Due to the specificity of their growth in changing environment, plants had to develop their own responses to the periodically occurring extreme adverse conditions. This involves changes in complex regulatory networks and stress regulated genes for which changes in the transcript level are identified with the use of real-time RT-PCR. It is important that the reference gene is not subjected to the same mechanisms of regulation, which is induced by environmental stress in the case of resistance genes, since it will be impossible to determine the actual increase (or decrease) of transcripts quantity (Paolacci et al. 2009). This is not always easy to determine, since seemingly not being directly related to plant stress response, HKGs may show co-regulation with transcription factors which affects often a wide range of genes. It seems that the catch lies in stress definition itself because, for example the temperature does not necessarily need to reach extreme values, and even so it will significantly affect reference gene expression, as was discussed in the study of somatic embryogenesis (Lin and Lai 2010). It is rarely seen to acknowledge information if samples were acquired in the same temperature, soil water content (so if watering and evaporation had same effect in the specified moment), light exposition etc.—in other words if it was precisely in the same set of stress factors (unless they are included as the validated stress factor for reference gene sets).

It is remarkable how ACT gene found its place in the stress-related studies. At the same time by following previous papers some general trends can be drawn that may decide if to include specified gene or not. Focusing on salinity stress and difficulties in water extraction from the soil—for three different plants: potato (Nicot et al. 2005), Lolium temulentum L. (Dombrowski and Martin 2009) and cucumber (Wan et al. 2010), ACT gene was ranked in the last place in the ranking of stability every time, which, to some extent, may indicate the relationship between the plant response to such stress and the expression of ACT. Careful validation of ACT under drought treatment in barley was proved to be stable in control and stressed plants but at the same time highlights that expression pattern was dependent on developmental stage and ACT was recommended as the best reference gene only during heading (Rapacz et al. 2012). It did not cross out its previous use for drought stressed barley at seedling stage due to less substantial water deficit in leaves than in previously quoted study and still was characterized by relatively high stability (Rapacz et al. 2010; Wójcik-Jagła et al. 2012). ACT was also successfully adapted as reference when investigating effects of cold, light and time of day during low temperature shift and other abiotic stresses in Festuca pratensis (Jurczyk et al. 2012; Pawłowicz et al. 2012) or cold acclimation of four genotypes of barley (Rapacz et al. 2008).

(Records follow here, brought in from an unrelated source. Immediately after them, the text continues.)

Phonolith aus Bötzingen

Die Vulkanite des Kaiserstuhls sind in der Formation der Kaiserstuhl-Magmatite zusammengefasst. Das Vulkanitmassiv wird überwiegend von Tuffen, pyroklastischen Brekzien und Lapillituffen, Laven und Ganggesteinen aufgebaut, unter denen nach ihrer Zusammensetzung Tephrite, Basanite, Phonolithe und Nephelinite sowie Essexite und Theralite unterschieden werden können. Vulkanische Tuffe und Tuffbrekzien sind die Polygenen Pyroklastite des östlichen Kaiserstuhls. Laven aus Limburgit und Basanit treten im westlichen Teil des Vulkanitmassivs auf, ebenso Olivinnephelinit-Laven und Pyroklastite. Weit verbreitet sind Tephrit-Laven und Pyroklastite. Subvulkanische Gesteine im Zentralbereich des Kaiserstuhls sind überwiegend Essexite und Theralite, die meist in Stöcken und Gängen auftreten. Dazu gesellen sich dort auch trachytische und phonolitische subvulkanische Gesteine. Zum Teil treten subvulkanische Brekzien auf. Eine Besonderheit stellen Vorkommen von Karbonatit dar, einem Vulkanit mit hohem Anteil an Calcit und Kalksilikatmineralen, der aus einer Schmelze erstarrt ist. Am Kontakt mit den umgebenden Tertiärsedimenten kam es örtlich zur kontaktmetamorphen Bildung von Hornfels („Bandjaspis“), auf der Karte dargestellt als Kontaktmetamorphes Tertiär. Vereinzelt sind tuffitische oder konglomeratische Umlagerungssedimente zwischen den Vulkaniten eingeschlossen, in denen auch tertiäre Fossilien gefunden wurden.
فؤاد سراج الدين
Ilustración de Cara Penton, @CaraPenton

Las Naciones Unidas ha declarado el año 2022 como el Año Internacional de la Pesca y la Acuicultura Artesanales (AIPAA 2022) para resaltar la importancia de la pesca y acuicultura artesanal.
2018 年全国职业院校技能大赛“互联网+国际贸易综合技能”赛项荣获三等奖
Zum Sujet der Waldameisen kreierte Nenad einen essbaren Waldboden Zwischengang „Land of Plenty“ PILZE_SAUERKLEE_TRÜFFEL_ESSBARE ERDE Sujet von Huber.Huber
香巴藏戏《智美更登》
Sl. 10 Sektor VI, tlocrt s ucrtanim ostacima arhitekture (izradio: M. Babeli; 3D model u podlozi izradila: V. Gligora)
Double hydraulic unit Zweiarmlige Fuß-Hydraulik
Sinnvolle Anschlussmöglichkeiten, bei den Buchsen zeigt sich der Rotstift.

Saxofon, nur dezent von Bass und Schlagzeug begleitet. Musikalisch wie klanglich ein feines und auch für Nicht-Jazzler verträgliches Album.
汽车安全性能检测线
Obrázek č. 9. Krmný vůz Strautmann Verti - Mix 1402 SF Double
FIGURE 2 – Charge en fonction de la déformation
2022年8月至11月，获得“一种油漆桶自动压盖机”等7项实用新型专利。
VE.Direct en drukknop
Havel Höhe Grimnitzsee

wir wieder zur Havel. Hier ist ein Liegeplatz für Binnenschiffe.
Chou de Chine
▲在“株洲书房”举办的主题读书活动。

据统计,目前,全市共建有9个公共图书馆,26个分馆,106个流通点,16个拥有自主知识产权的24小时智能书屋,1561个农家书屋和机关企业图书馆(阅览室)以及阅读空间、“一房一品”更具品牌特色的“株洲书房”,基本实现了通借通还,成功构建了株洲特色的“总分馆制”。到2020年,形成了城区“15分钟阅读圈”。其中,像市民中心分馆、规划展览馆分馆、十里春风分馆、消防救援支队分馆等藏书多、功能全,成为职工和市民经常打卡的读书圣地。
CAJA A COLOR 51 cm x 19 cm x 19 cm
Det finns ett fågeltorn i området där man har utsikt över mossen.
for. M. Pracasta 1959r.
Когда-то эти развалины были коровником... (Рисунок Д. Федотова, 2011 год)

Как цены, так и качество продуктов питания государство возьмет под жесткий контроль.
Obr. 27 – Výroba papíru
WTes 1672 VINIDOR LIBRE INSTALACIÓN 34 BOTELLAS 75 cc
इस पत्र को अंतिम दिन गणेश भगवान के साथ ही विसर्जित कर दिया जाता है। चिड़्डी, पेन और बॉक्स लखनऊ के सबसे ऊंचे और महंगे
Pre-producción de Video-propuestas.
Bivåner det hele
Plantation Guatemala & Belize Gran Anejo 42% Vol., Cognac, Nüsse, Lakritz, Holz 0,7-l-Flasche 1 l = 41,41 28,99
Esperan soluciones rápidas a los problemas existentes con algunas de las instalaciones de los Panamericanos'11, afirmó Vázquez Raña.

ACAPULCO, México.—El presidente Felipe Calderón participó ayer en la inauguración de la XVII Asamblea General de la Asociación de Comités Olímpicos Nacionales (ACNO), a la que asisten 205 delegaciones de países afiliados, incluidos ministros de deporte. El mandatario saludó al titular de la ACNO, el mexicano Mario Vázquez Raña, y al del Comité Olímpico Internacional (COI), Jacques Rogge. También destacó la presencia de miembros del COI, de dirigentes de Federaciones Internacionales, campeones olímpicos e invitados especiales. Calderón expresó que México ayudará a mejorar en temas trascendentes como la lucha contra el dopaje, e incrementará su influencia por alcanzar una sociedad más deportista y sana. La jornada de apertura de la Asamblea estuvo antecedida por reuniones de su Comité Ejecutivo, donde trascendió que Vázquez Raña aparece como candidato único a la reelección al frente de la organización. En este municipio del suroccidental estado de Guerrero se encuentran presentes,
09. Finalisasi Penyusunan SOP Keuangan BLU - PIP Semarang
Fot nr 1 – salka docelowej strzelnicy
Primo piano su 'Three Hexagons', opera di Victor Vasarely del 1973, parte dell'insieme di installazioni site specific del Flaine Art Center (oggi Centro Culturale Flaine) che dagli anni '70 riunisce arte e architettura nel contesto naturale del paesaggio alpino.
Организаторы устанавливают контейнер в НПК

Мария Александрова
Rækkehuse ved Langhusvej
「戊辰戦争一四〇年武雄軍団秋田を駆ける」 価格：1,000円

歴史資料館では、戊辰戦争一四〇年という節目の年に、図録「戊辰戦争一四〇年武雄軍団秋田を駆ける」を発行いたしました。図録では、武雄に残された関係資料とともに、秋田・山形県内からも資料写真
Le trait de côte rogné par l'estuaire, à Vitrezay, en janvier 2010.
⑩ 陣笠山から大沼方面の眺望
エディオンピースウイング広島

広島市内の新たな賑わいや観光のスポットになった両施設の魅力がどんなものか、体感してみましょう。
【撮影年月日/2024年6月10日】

Changes in gene expression can even be caused by plant wounding, therefore, collected samples should be immediately frozen. In L. tumulentum Ct value for CAP gene was reached about two cycles earlier when samples were analyzed 11 h after wounding than in unwounded tissues, but this difference decreased after 24 h (Dombrowski and Martin 2009). The same stress can also cause different changes in various tissues, as observed in coffee exposed to drought (Cruz et al. 2009). Also nutrient deficiency, e.g., nitrogen shortage may have an effect on the expression of potential reference genes and their stability which was presented in tomato for TUB gene (Løvdal and Lillo 2009).

Diseases and infections

An example when defense response and burden of illness have no effect on any validated HKG’s expression is impossible to find. Patients are classified in the same group as healthy or ill, while they differ on the gene expression level as a result of health deterioration. Nowadays, a very common physical disorder is obesity and the metabolic syndrome (Mehta et al. 2010). Symptoms can have somewhat smooth margins that do not guarantee a strict threshold above which certain influence on gene expression is observed. To examine how they affect the number of transcripts of some genes, adipocyte cells were taken from healthy and morbidly obese patients. It turned out that significant differences were noticed in the expression of many HKG’s including the 18S rRNA. Concluding the fact that tissue cells can differ from one another just like individual patients it appears that the most appropriate term to use would be “reflects a snapshot of mRNA” which is hopefully most representative for certain cases (Bustin 2010; De Keyser et al. 2013). Still such may not be relevant to some rare unique genotypes. Genotypes that not only refer to patient’s sample but disease source itself which may be influenza viruses showing broad diversity in their nature. Kuchipudi et al. (2012) searched for best performing reference genes for five subtypes of influenza A virus where depending on subtype stability of a single gene was varying. Having in mind how dynamic in evolving viruses are it casts into question if reference gene evaluation should not be performed prophylactically from time to time even when working on the same matter for a longer period.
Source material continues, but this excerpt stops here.